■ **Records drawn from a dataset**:
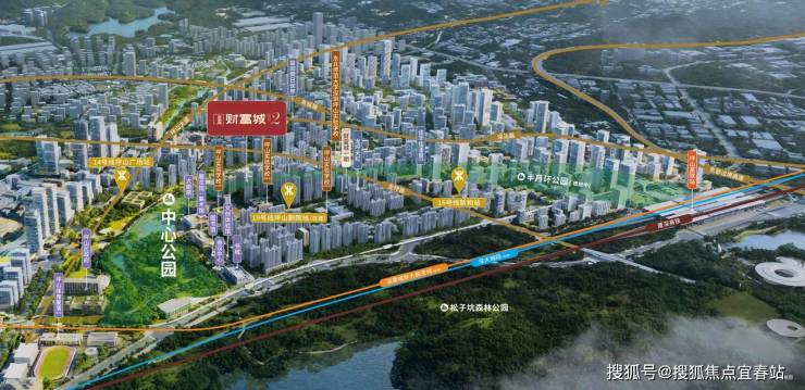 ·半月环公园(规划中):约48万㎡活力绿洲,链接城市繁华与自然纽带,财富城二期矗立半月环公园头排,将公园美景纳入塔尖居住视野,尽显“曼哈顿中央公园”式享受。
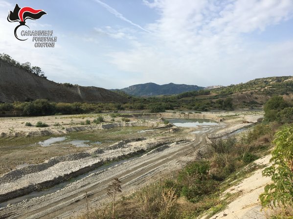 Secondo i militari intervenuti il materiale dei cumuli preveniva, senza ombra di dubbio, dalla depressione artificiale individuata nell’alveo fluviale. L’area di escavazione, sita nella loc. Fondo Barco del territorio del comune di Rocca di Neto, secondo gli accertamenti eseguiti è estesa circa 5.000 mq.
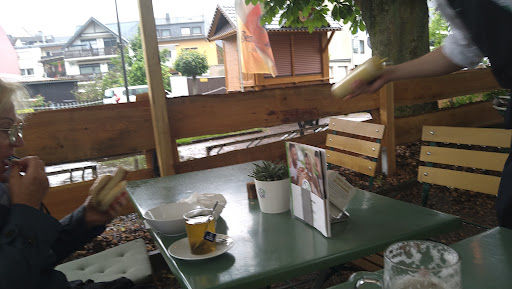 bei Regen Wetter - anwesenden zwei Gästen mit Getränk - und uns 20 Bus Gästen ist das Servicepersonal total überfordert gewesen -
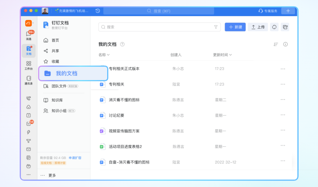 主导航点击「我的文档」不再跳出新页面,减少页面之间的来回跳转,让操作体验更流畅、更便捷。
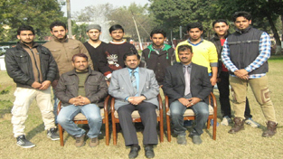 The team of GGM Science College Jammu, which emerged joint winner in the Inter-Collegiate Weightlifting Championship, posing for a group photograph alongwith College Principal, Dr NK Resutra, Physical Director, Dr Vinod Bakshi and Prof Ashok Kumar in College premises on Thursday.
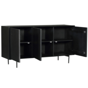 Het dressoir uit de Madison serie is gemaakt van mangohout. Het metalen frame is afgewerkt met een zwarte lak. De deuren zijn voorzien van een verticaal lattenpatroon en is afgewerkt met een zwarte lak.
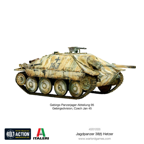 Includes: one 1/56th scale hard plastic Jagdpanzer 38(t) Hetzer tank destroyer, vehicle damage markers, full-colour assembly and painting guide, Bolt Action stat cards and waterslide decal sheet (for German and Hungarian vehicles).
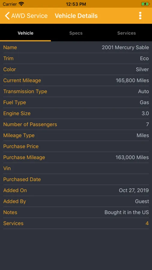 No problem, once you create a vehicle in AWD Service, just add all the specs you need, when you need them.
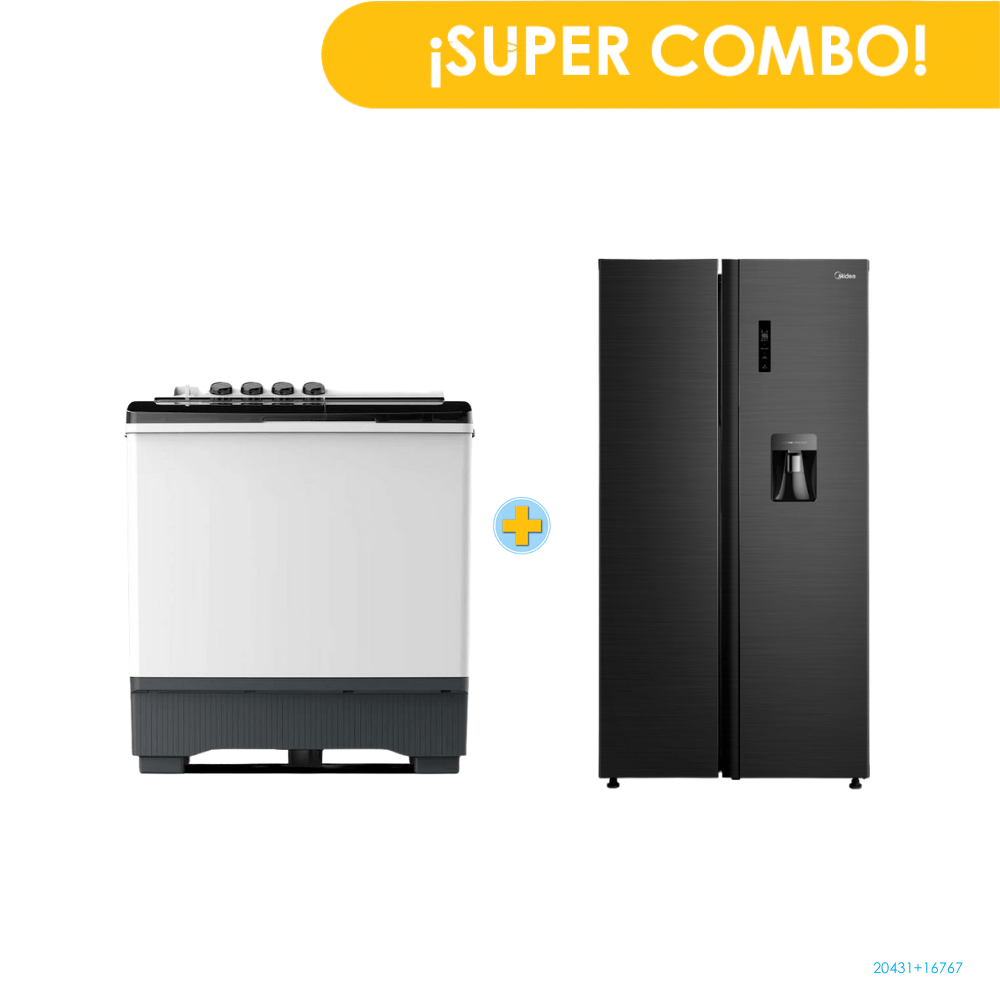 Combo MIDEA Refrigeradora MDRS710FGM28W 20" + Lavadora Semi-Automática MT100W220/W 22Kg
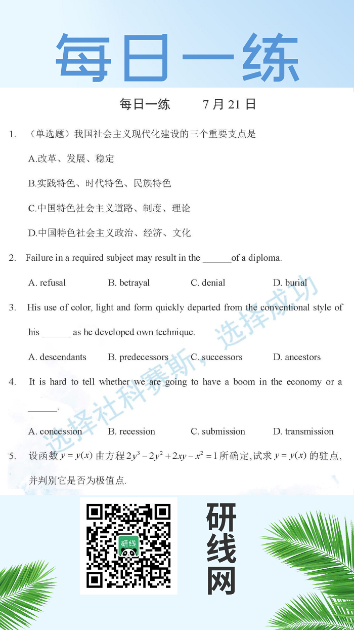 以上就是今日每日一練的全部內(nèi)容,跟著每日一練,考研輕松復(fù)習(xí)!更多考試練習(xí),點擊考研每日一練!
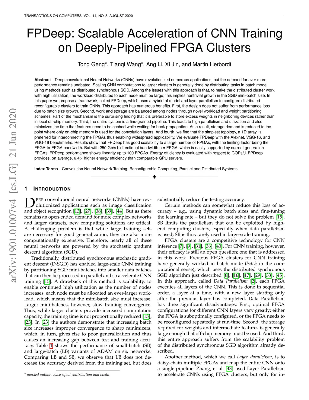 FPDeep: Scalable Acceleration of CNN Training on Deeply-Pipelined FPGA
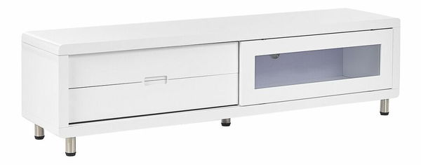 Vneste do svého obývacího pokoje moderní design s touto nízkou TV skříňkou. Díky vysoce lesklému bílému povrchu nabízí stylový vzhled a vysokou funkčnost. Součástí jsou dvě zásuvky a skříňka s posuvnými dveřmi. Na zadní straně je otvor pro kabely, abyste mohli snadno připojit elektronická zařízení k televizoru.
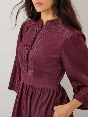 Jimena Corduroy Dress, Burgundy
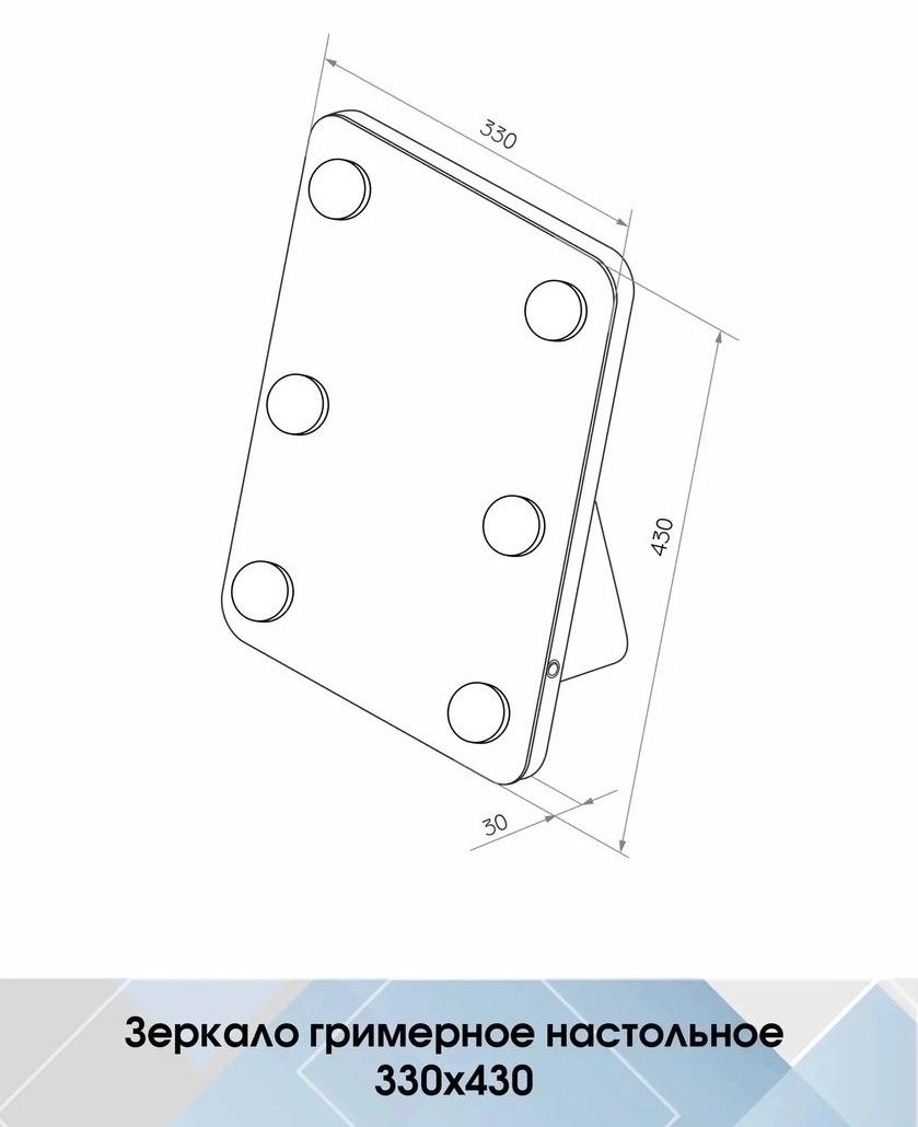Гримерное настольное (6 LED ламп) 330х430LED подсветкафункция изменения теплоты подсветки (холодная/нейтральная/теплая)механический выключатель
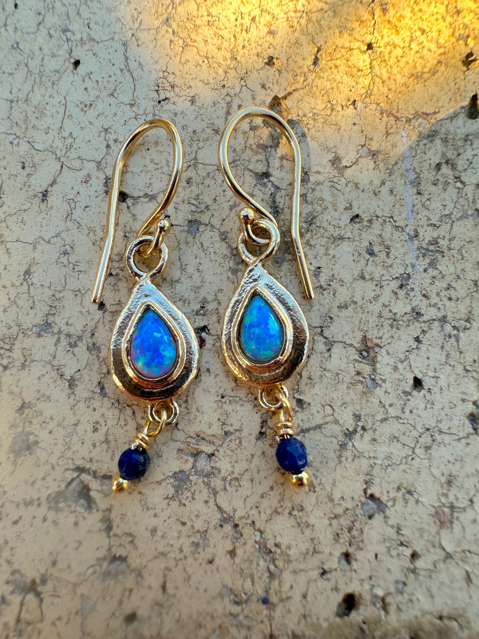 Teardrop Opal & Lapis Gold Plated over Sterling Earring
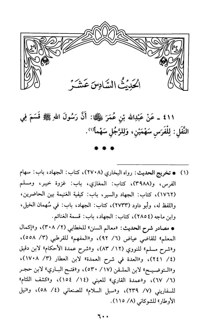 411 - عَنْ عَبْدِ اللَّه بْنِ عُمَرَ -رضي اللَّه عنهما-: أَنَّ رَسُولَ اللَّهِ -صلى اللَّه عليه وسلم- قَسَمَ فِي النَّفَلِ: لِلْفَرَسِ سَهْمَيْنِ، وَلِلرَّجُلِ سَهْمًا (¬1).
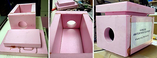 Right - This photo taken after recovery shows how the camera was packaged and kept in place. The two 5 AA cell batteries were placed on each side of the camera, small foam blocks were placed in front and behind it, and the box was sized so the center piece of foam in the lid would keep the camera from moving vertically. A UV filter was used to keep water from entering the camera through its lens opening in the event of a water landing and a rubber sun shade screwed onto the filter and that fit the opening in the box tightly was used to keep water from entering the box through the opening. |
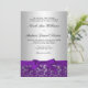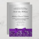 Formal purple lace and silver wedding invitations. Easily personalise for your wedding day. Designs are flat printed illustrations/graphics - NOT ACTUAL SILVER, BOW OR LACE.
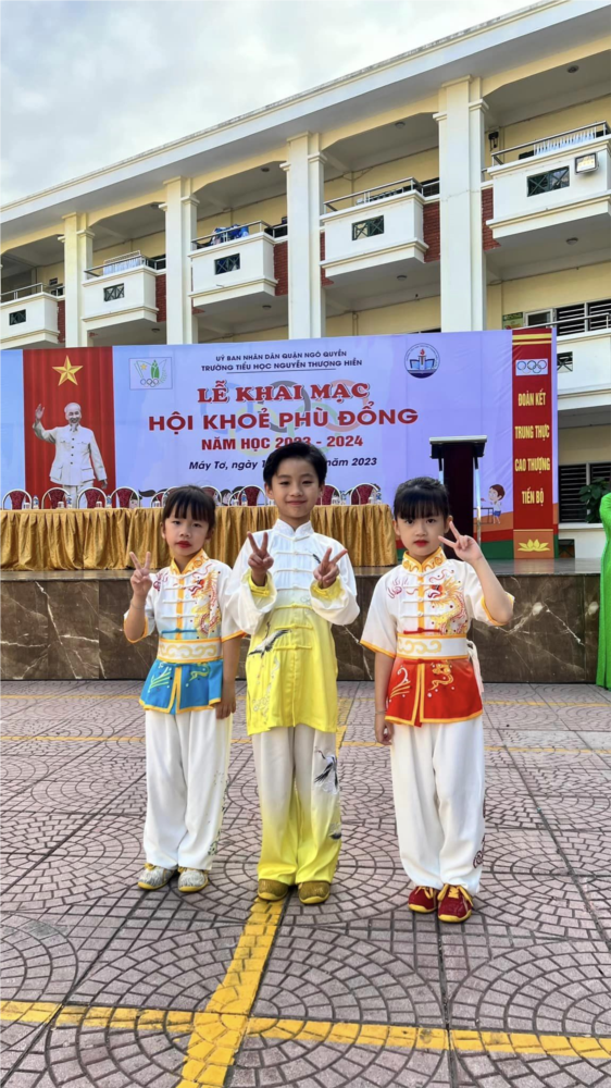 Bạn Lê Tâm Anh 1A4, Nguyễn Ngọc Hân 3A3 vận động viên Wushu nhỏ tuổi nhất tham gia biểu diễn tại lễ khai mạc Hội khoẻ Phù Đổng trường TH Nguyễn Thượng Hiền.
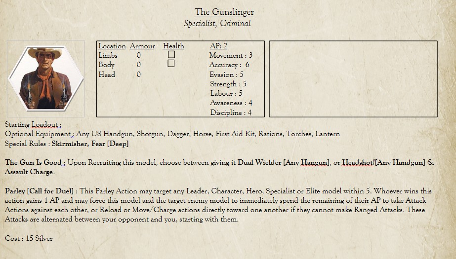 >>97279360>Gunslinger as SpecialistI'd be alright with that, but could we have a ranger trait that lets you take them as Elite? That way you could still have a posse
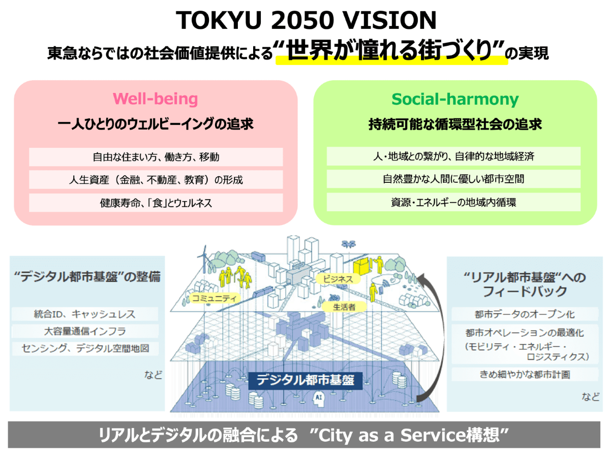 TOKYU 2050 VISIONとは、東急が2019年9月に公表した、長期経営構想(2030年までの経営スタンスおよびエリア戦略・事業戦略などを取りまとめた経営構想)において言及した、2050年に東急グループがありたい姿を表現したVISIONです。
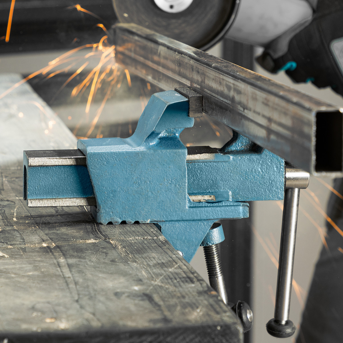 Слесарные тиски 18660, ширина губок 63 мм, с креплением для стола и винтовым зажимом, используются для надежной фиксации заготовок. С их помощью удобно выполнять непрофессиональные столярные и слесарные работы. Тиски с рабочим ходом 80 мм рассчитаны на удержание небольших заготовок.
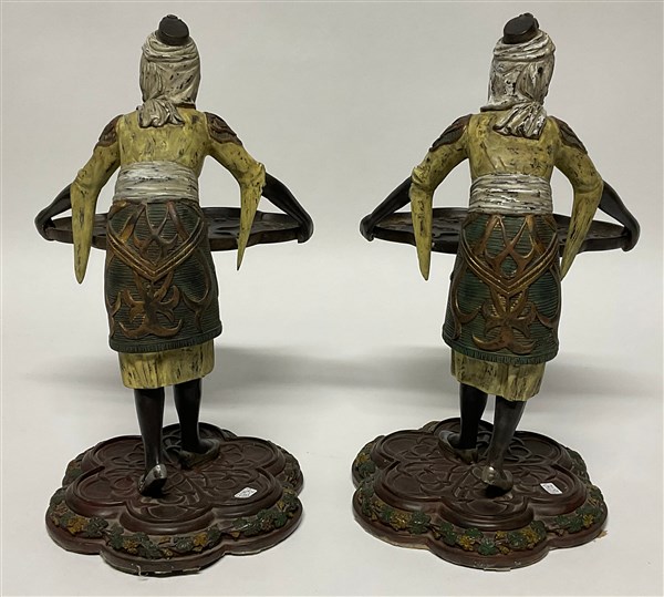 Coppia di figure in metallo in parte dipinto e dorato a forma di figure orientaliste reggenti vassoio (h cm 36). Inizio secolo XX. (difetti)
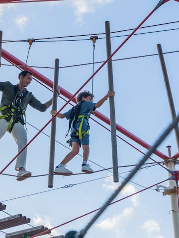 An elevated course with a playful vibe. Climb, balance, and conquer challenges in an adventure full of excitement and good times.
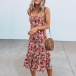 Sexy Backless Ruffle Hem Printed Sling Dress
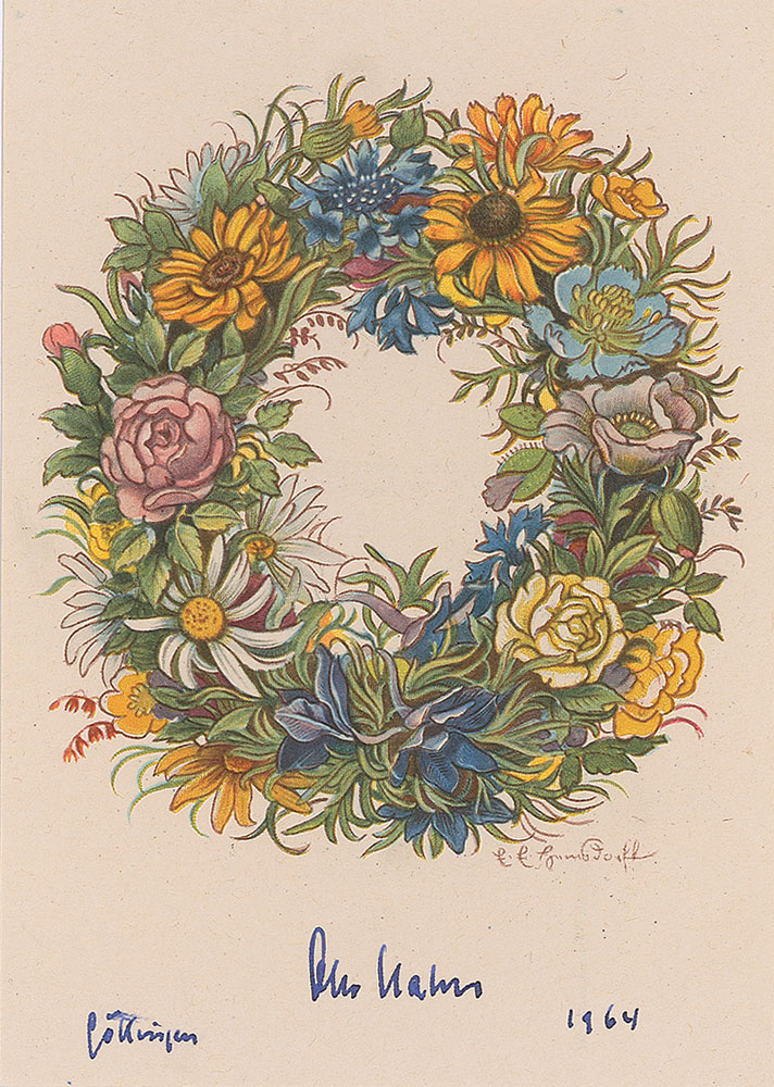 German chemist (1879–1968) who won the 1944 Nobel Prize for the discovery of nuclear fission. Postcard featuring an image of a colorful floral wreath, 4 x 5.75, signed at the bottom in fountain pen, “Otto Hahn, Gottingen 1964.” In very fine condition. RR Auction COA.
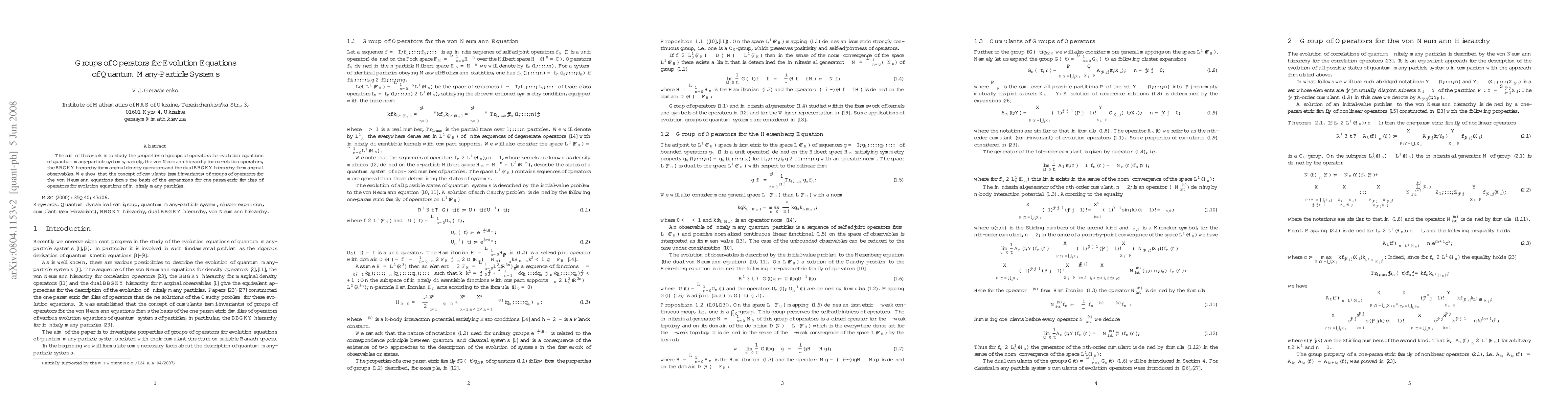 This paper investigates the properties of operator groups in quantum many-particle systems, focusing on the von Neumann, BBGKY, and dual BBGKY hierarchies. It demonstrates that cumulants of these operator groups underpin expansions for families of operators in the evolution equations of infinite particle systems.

■ **Exercise**: Line for line, output the entries above from the line with "Teardrop Opal &" to the line with "411 - عَنْ عَبْدِ", both included, and nothing more. Skip pictures.

■ **Result of this exercise**:
 Teardrop Opal & Lapis Gold Plated over Sterling Earring
 411 - عَنْ عَبْدِ اللَّه بْنِ عُمَرَ -رضي اللَّه عنهما-: أَنَّ رَسُولَ اللَّهِ -صلى اللَّه عليه وسلم- قَسَمَ فِي النَّفَلِ: لِلْفَرَسِ سَهْمَيْنِ، وَلِلرَّجُلِ سَهْمًا (¬1).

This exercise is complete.